Extracted data START

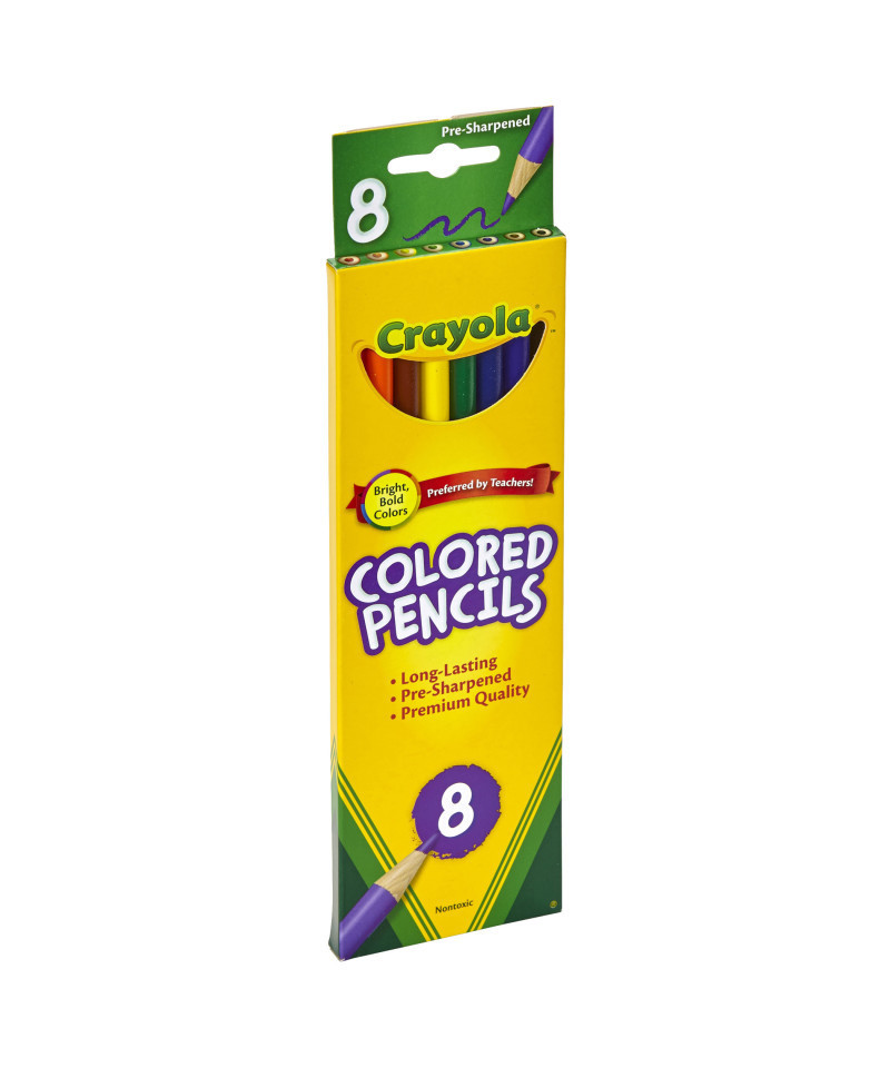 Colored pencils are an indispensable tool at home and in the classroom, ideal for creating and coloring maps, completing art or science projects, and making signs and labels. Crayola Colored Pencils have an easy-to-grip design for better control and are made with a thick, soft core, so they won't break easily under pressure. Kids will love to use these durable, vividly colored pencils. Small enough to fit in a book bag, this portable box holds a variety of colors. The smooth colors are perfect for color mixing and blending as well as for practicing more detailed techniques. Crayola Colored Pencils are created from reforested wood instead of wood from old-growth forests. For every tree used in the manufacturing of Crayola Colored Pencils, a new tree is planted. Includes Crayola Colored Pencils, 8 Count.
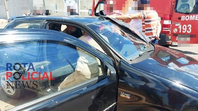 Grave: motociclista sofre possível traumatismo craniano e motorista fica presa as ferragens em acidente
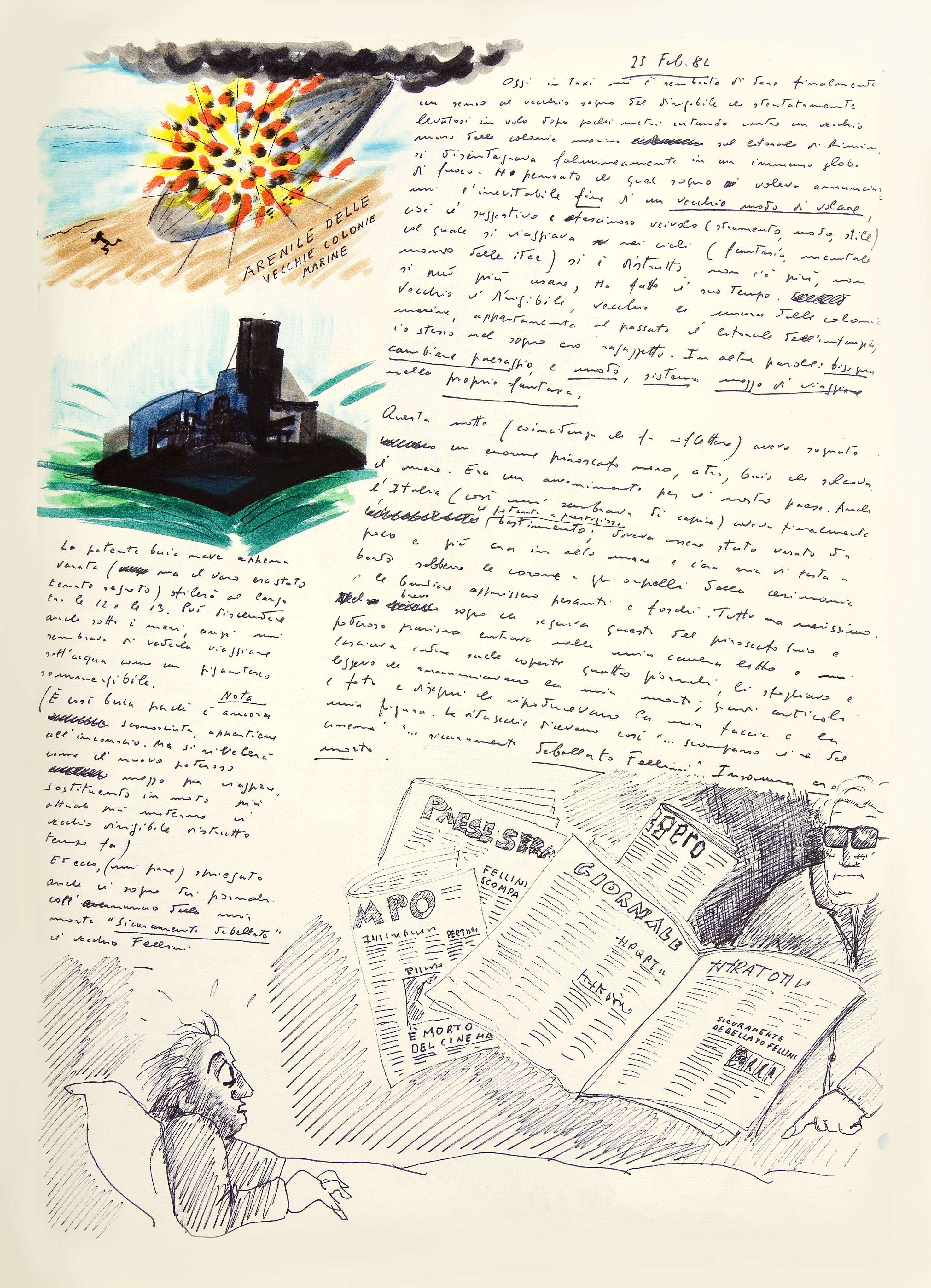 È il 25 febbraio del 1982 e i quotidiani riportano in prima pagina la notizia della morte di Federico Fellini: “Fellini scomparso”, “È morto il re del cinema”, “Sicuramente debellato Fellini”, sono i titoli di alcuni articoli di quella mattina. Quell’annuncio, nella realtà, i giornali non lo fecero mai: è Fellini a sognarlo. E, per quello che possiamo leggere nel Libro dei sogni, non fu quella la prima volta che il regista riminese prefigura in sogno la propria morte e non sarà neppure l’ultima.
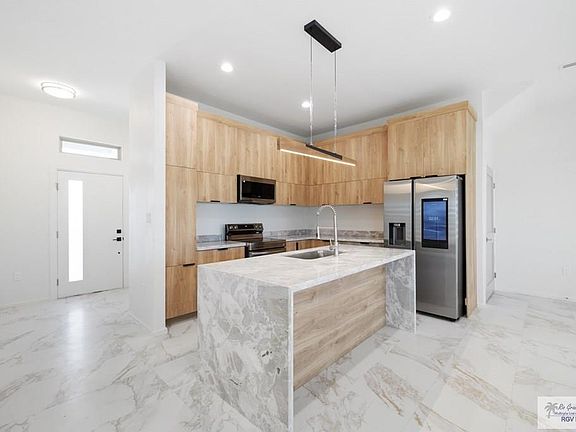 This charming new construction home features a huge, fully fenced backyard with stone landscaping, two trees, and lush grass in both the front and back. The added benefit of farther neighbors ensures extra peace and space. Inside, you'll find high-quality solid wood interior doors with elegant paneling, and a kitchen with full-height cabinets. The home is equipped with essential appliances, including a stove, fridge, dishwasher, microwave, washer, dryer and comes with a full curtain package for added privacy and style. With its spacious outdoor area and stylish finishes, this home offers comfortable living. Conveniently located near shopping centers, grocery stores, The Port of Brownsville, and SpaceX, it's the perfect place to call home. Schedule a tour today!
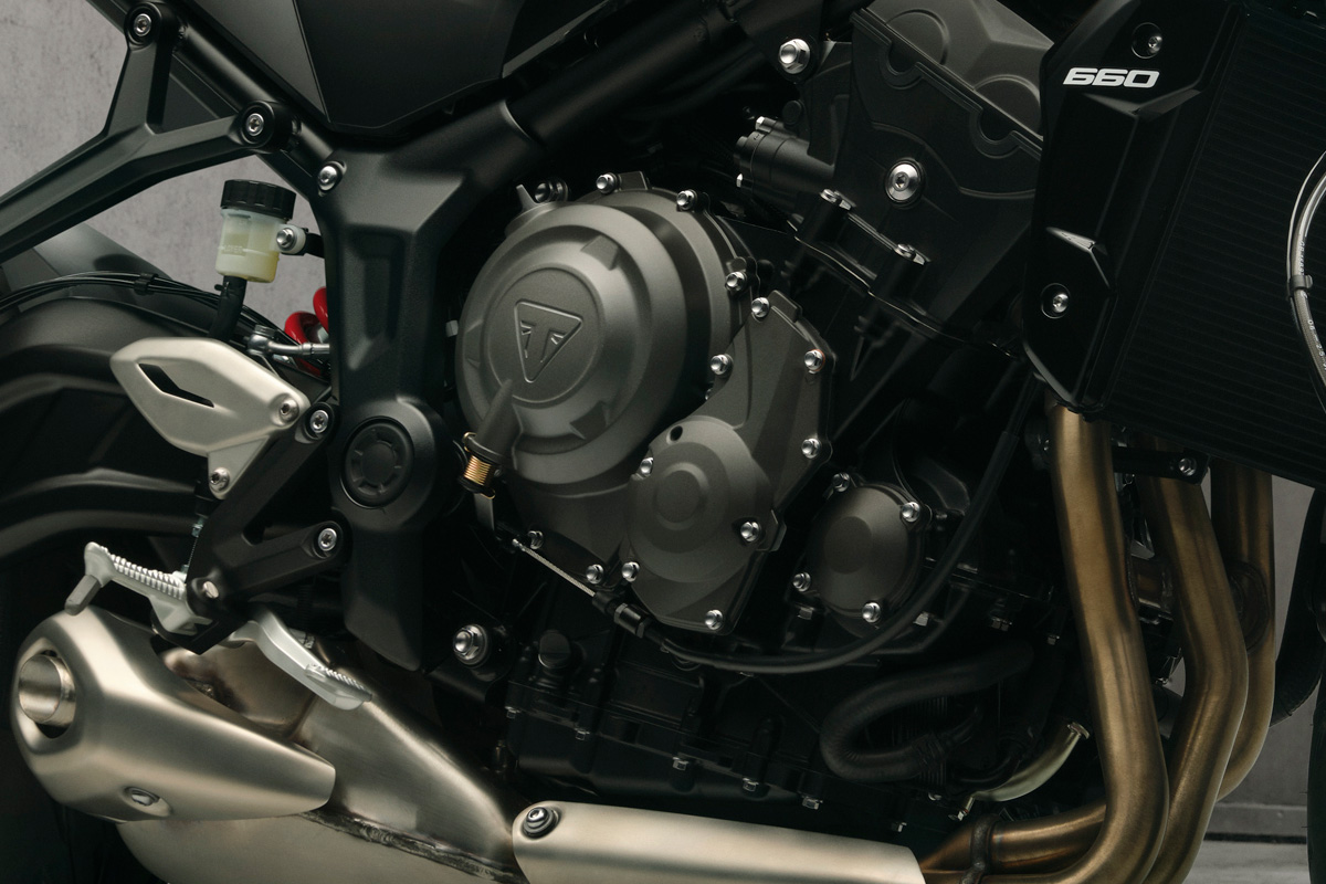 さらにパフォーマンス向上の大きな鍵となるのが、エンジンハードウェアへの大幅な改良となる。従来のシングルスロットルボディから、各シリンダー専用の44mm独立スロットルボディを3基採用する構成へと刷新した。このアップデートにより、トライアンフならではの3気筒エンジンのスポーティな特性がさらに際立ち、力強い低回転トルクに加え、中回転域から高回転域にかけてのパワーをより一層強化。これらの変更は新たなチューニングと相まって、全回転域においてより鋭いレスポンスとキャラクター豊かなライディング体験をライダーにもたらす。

Extracted data END

== Exercise details ==
Once the pictures are set aside, reproduce the records in full and exactly.

== Solution for this task ==
 Colored pencils are an indispensable tool at home and in the classroom, ideal for creating and coloring maps, completing art or science projects, and making signs and labels. Crayola Colored Pencils have an easy-to-grip design for better control and are made with a thick, soft core, so they won't break easily under pressure. Kids will love to use these durable, vividly colored pencils. Small enough to fit in a book bag, this portable box holds a variety of colors. The smooth colors are perfect for color mixing and blending as well as for practicing more detailed techniques. Crayola Colored Pencils are created from reforested wood instead of wood from old-growth forests. For every tree used in the manufacturing of Crayola Colored Pencils, a new tree is planted. Includes Crayola Colored Pencils, 8 Count.
 Grave: motociclista sofre possível traumatismo craniano e motorista fica presa as ferragens em acidente
 È il 25 febbraio del 1982 e i quotidiani riportano in prima pagina la notizia della morte di Federico Fellini: “Fellini scomparso”, “È morto il re del cinema”, “Sicuramente debellato Fellini”, sono i titoli di alcuni articoli di quella mattina. Quell’annuncio, nella realtà, i giornali non lo fecero mai: è Fellini a sognarlo. E, per quello che possiamo leggere nel Libro dei sogni, non fu quella la prima volta che il regista riminese prefigura in sogno la propria morte e non sarà neppure l’ultima.
 This charming new construction home features a huge, fully fenced backyard with stone landscaping, two trees, and lush grass in both the front and back. The added benefit of farther neighbors ensures extra peace and space. Inside, you'll find high-quality solid wood interior doors with elegant paneling, and a kitchen with full-height cabinets. The home is equipped with essential appliances, including a stove, fridge, dishwasher, microwave, washer, dryer and comes with a full curtain package for added privacy and style. With its spacious outdoor area and stylish finishes, this home offers comfortable living. Conveniently located near shopping centers, grocery stores, The Port of Brownsville, and SpaceX, it's the perfect place to call home. Schedule a tour today!
 さらにパフォーマンス向上の大きな鍵となるのが、エンジンハードウェアへの大幅な改良となる。従来のシングルスロットルボディから、各シリンダー専用の44mm独立スロットルボディを3基採用する構成へと刷新した。このアップデートにより、トライアンフならではの3気筒エンジンのスポーティな特性がさらに際立ち、力強い低回転トルクに加え、中回転域から高回転域にかけてのパワーをより一層強化。これらの変更は新たなチューニングと相まって、全回転域においてより鋭いレスポンスとキャラクター豊かなライディング体験をライダーにもたらす。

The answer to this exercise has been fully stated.